The Future of APIs: APIs aren’t the endgame they won't stay forever

  • I got about halfway down, and it suddenly started sounding like the Semantic Web reincarnated as an API service. This idea crops up about once every 10 years (in some form or another), and it runs into fairly predictable problems. There are two good essays that I recommend that people read before getting too excited about how well machines can interoperate without humans in the loop.

    Shirky's "The Semantic Web, Syllogism, and Worldview" http://www.shirky.com/writings/herecomeseverybody/semantic_s...

    Doctorow's "Metacrap: Putting the torch to seven straw-men of the meta-utopia" http://www.well.com/~doctorow/metacrap.htm

    Doctorow talks about problems with metadata, but these problems might apply equally to APIs and the API vocabulary discussed in the article. Specifically:

    2.1 People lie 2.2 People are lazy 2.3 People are stupid 2.4 Mission: Impossible -- know thyself 2.5 Schemas aren't neutral 2.6 Metrics influence results 2.7 There's more than one way to describe something

    The fundamental problems are that (1) getting people to agree on things is a surprisingly difficult and political problem that can never be solved once and for all, and (2) people have incentives to lie. If you invent a generalized way to look up any weather forcasting API, somebody is going to realize that they can make money gaming the system somehow. PayPal is really in the business of fraud detection, and Google is in the business of fighting against blackhat SEO (and click fraud).

    So take your automated API discovery utopia, and explain to me what happens when blackhats try to game the system and pollute your vocabulary for profit.
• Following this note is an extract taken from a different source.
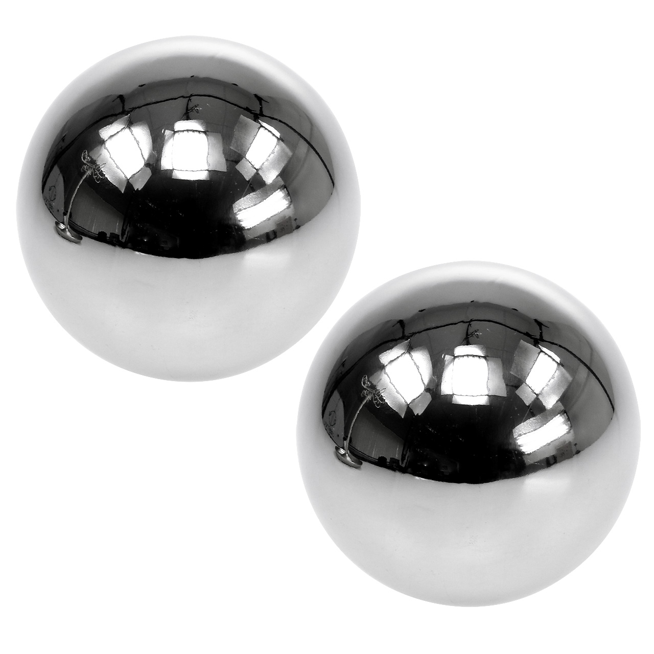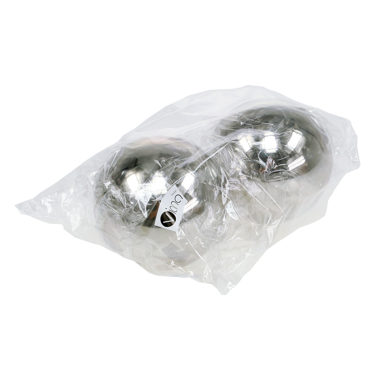 Abu nerūdijančio plieno dekoratyviniai rutuliai yra maždaug 11 centimetrų skersmens. Dekoratyvinį kamuoliukų rinkinį gausite skaidrioje plastikinėje pakuotėje.

Tell me what will happen when 6 vendors implement an API vocabulary, but none of them quite agree on the corner cases. This is the hard part.

  • Here's the part I find most humorous. Machine to Machine communication has already been attempted, and it always fell back to requiring human intervention. Web Services Description Language (WSDL) was an attempt to exactly this, and it failed.

    WSDL didn't fail because it frequently tried to describe SOAP connectivity (and everyone knows that SOAP is obviously bad for all things), it failed because it was still people writing the APIs and the descriptions of those APIs. And since people aren't perfect, humans had to intervene to find and fix the bugs to properly communicate with a WSDL defined API.

    Until AI gets good enough, or we adopt a specific definition to meet all use cases (should be fun to watch), such attempts are going to keep failing. Because it's humans hiding in the box of the turk, and will be for the forseeable future, and computers are still pretty terrible at communicating with humans.

  • There's some very good info here towards the end, but the first half of the blog post made me wonder if they're going to get to it.

    Perhaps this is just a function that it's a marketing post designed to simultaneously appeal to different audiences while explaining the problem to decision makers that are unfamiliar with what problem they're trying to solve. I sympathize, but as a designer acutely familiar with problems around API discovery, the first half was an extremely cringey read.

    Anyway, you quoted all the right sources (save for Tim Berners-Lee's Semantic Web and Giant Global Graph), and I wish you much luck, but I think you're aware that this was tried before [1][2], where much less human interaction and intervention was required, and it nonetheless faltered. "Complexity" was a scapegoat at the time, and I think that's an unsatisfactory, almost too convenient of an answer, so how do you avoid that same fate?

    [1] https://en.wikipedia.org/wiki/Web_Services_Discovery#Univers... [2] https://en.wikipedia.org/wiki/Web_Services_Description_Langu...

  • As someone who worked on a whole lot of integration projects in the recent past, I think network APIs can be "solved", but not by the means this article describes.

    JSON-LD looks like a reimplementation of something that was already done by XML, XML Schemas and WSDL. If several technologies that were designed to be semantic failed at automating network API integration, why would you think a sub-format for JSON will succeed? What does it do differently?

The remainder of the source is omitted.